Alguien había puesto la música. Pero había escogido esas canciones que son para cantar a grito herido: bailables, románticas, llaneras, rancheras, vallenatos. Resultamos todos cantando al unísono, con emoción, levantando las botellas de cerveza como golpeando el viento en apartes de las canciones, sacando el pecho y dejando escapar hasta el último aliento.

Niños, jóvenes y adultos unidos por el amor y compartiendo como uno solo, como una familia, como cuando hermanos, primos, padres, tíos, tías se dan cuenta de que son una misma sangre apasionada.

Al amanecer, porque nos la pasamos toda la noche cantando, cuando ya nos íbamos a ir, mi papá pidió la palabra. Rondaba ya un poco más de los 70 años.

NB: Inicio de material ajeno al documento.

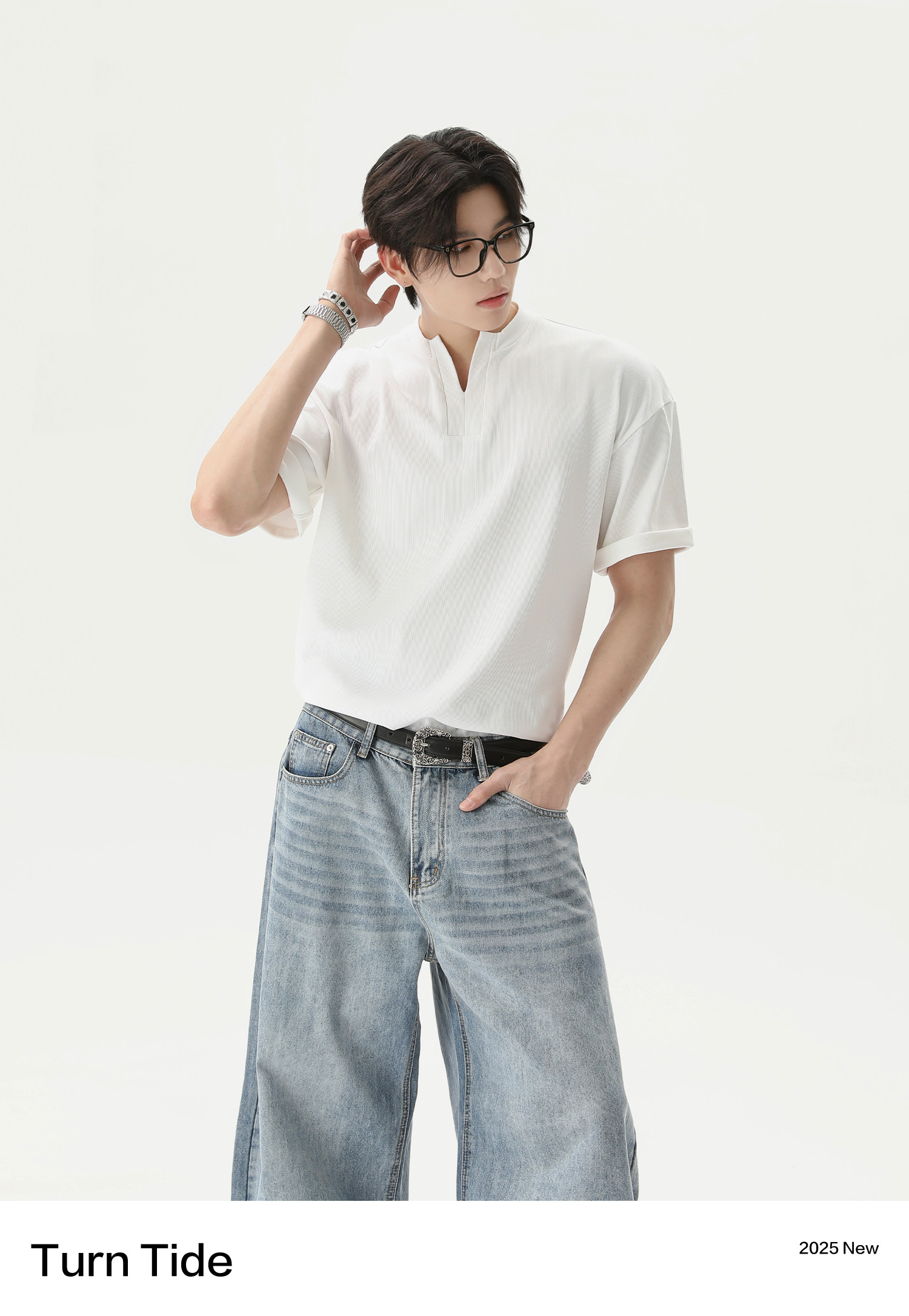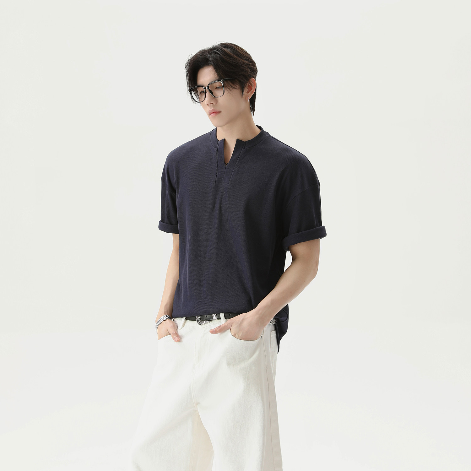 Ретро дизайнерская летняя футболка, в американском стиле, V-образный вырез, оверсайз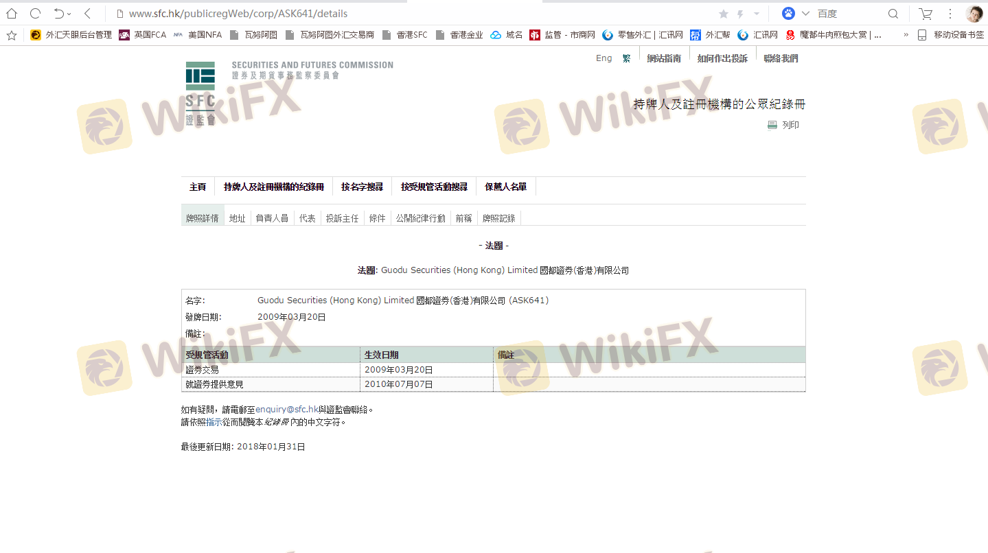 Mengenai legitimasi broker forex GUODU HONG KONG, ia menyediakan Hong Kong SFC, Hong Kong SFC, Hong Kong SFC, dan (Kami juga melakukan investigasi lapangan terkait aspek keamanan.).

Y dijo algo como así: «¡Gracias, gracias a todos por hacerme tan feliz. Gracias por este momento, gracias por esta alegría, gracias por tanta felicidad!». Con esas palabras, terminamos todos llorando y abrazándolo, sellando con eso nuestro pacto de amor incondicional, expresado tan hermosamente con esas frases.

En ese momento sentí que aquello no se iba a repetir jamás. Por más que nos lo propusiéramos, no se repetiría. Porque aquello fue tan improvisado, tan auténtico, tan singular, que así lo volviéramos a hacer no sería igual.

Después de ello pasé mucho tiempo con nostalgia de aquella noche y madrugada. Quisiera que volviera a pasar. Y cada vez que me acordaba añoraba ese momento, sin entender que no había por qué hacerlo. La añoranza trae un tanto de tristeza por lo pasado. Pero debemos comprender que nunca se repiten los mismos momentos. Que estos hay que vivirlos en ese instante, disfrutarlos al máximo y guardarlos en el corazón como un tesoro.

Ahora no tengo esa nostalgia. Solo me siento feliz de haber vivido ese momento y le doy gracias a Dios por ello. Porque la nostalgia la tenemos que convertir en felicidad. Y debemos comprender que cada momento en la vida es irrepetible. Por eso debemos vivirlo con la mayor felicidad, el mayor amor y con la convicción de dar lo mejor de nosotros en ese instante, para ir construyendo así nuestra colección, no de nostalgias, sino de momentos que nos llenen de emoción cuando los recordemos.